Cleft lip and palate deformities are the most common congenital deformities of the facial region. This chapter will focus on the secondary correction of cleft-related deformity.

 

The management of secondary deformity must involve the surgeon, orthodontist and speech pathologist working closely with the paediatrician, ear nose and throat surgeon, plastic surgeon, and clinical psychologist when appropriate.

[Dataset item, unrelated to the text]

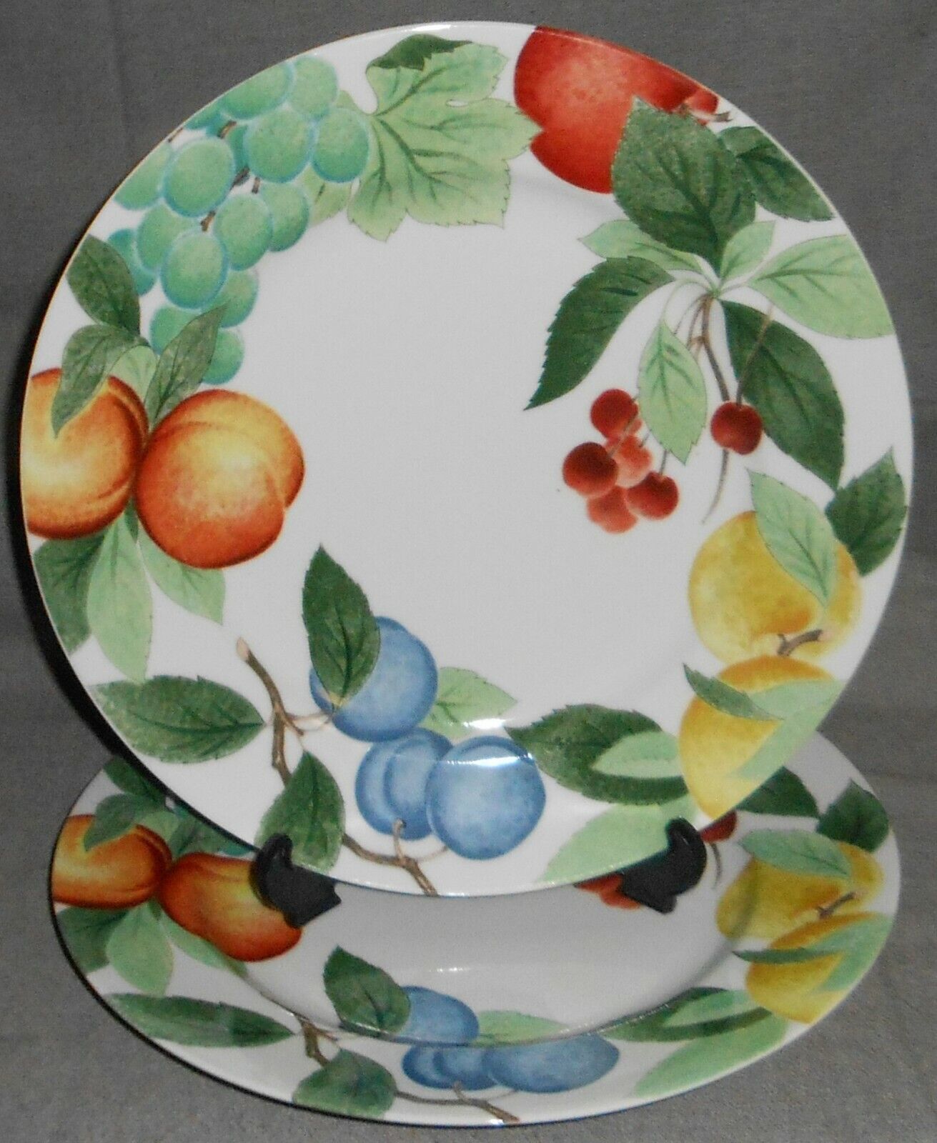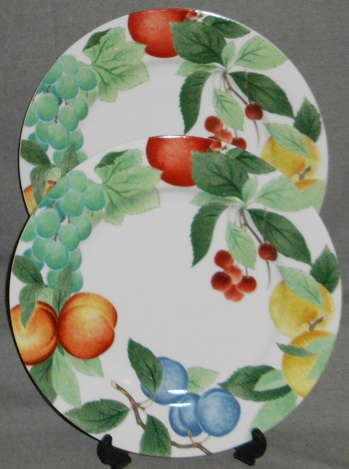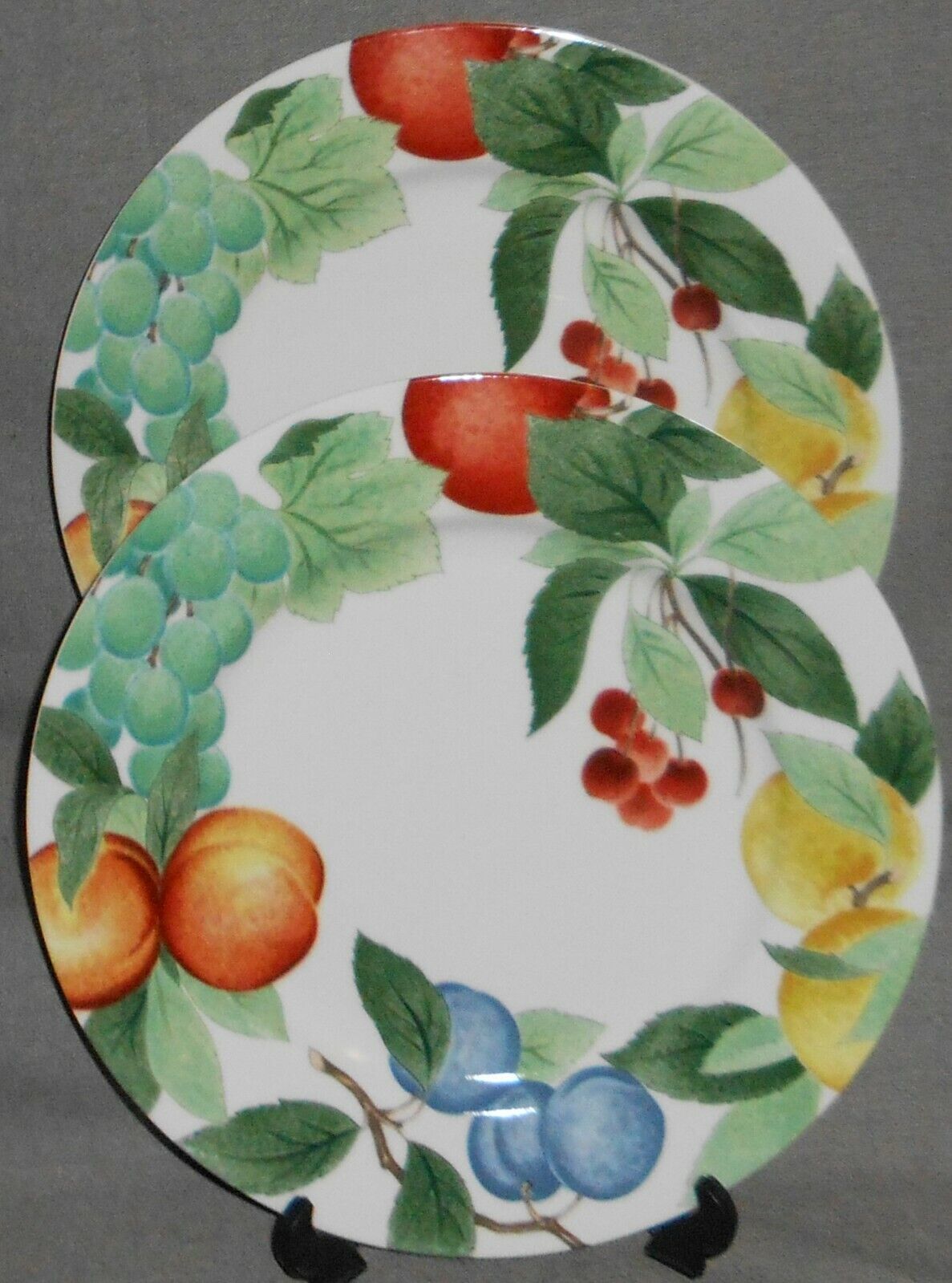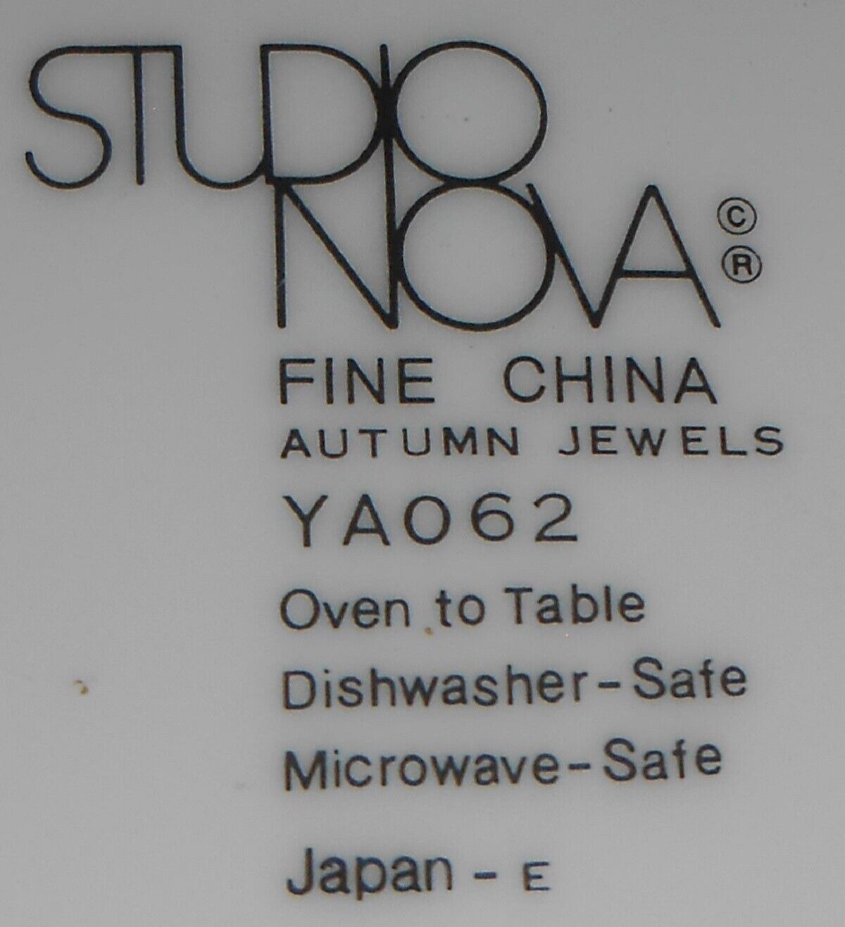 This is a Set of (2) 13" Porcelain Chop Plates or Platters from Studio Nova in the Autumn Jewels Pattern - Made in Japan. They are in good pre-owned condition with no chips or cracks.
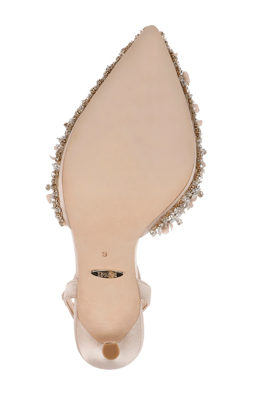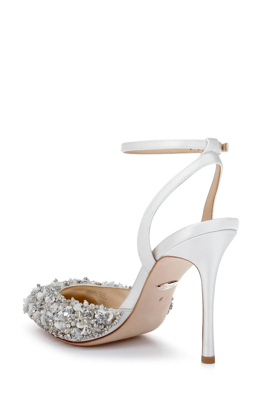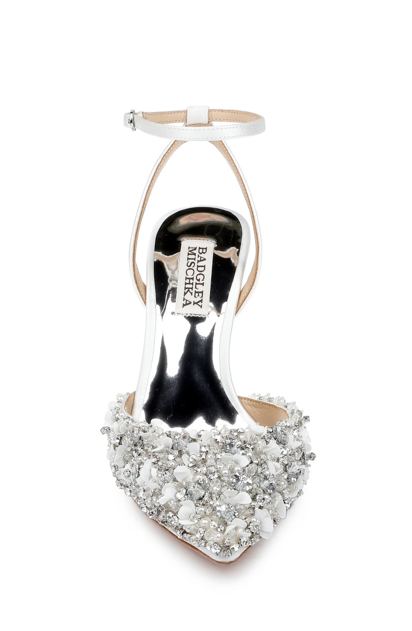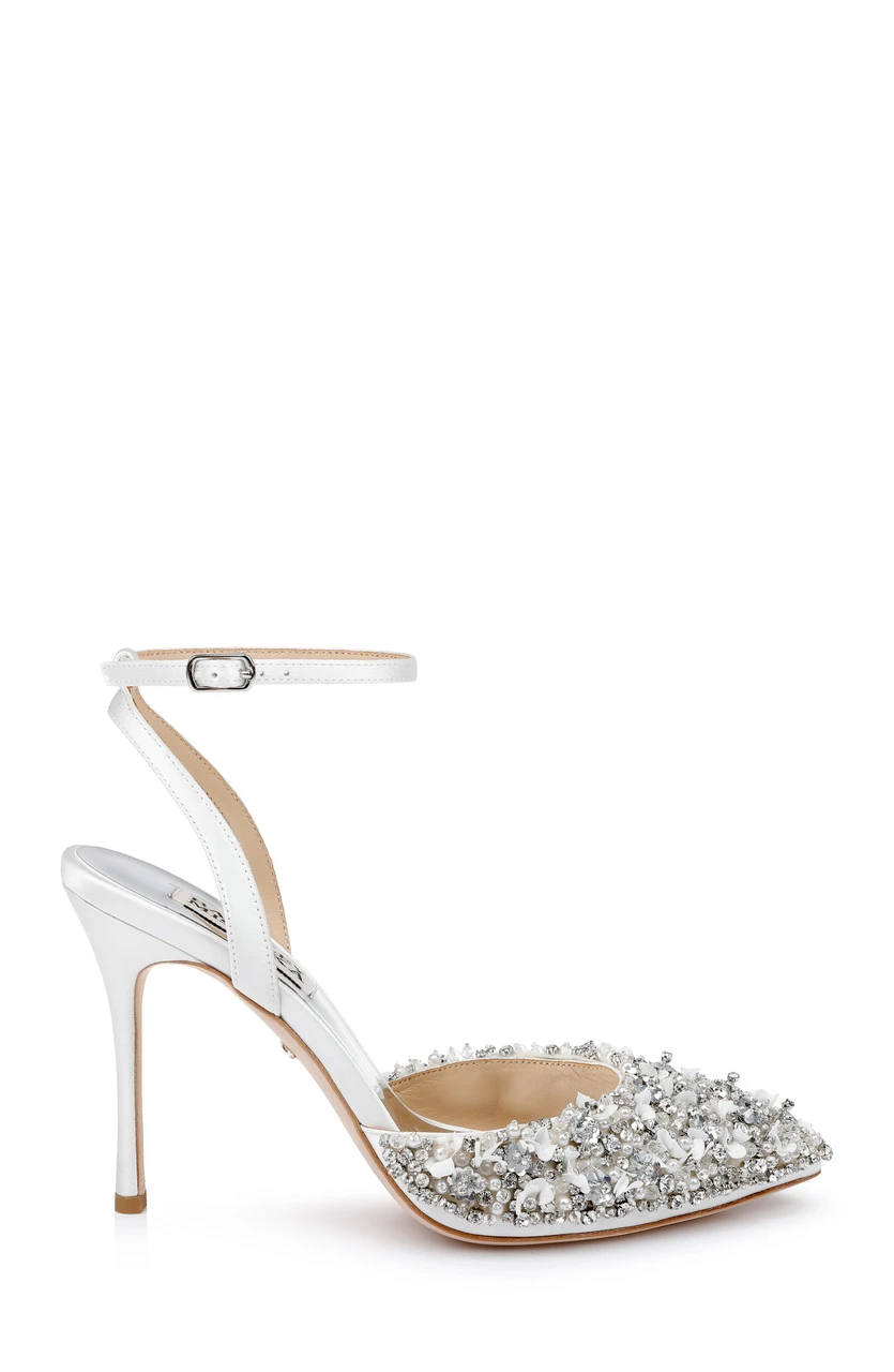 Slip into this shoe and get a taste of pure bliss. Dainty yet secure straps gently wrap around your ankles, while sparkling crystals envelop your feet. These 3 ¾-inch stiletto heels don’t just look fabulous; they’re also comfortable enough to dance until sunrise.

The clinical problem depends on the type and severity of the cleft and on the type, extent and quality of the primary surgery and any revisions of these “primary procedures”. Compromises between function, aesthetics and growth have to be made which determine the timing of surgery. For instance the timing of palate repair is a balance between enabling speech development and optimum facial growth. What ever the compromise the number of operations must be kept to the minimum.

Important Factors

 

1. The amount of tissue in the original embryological defect (Figure 11.1).
   Although structures may be displaced, the amount of soft tissue is not usually deficient in the unrepaired unilateral or bilateral cleft deformity (Figures 11.2a11.2d). Impaired growth and development usually arise from subsequent surgery rather than inherent differences in growth potential. The exception is in some bilateral cases where the premaxilla and pro-labial segment can be relatively small before surgical intervention (Figures 11.3a and 11.3b). True aplasia of tissue is uncommon although can be seen in cases of mid line clefting.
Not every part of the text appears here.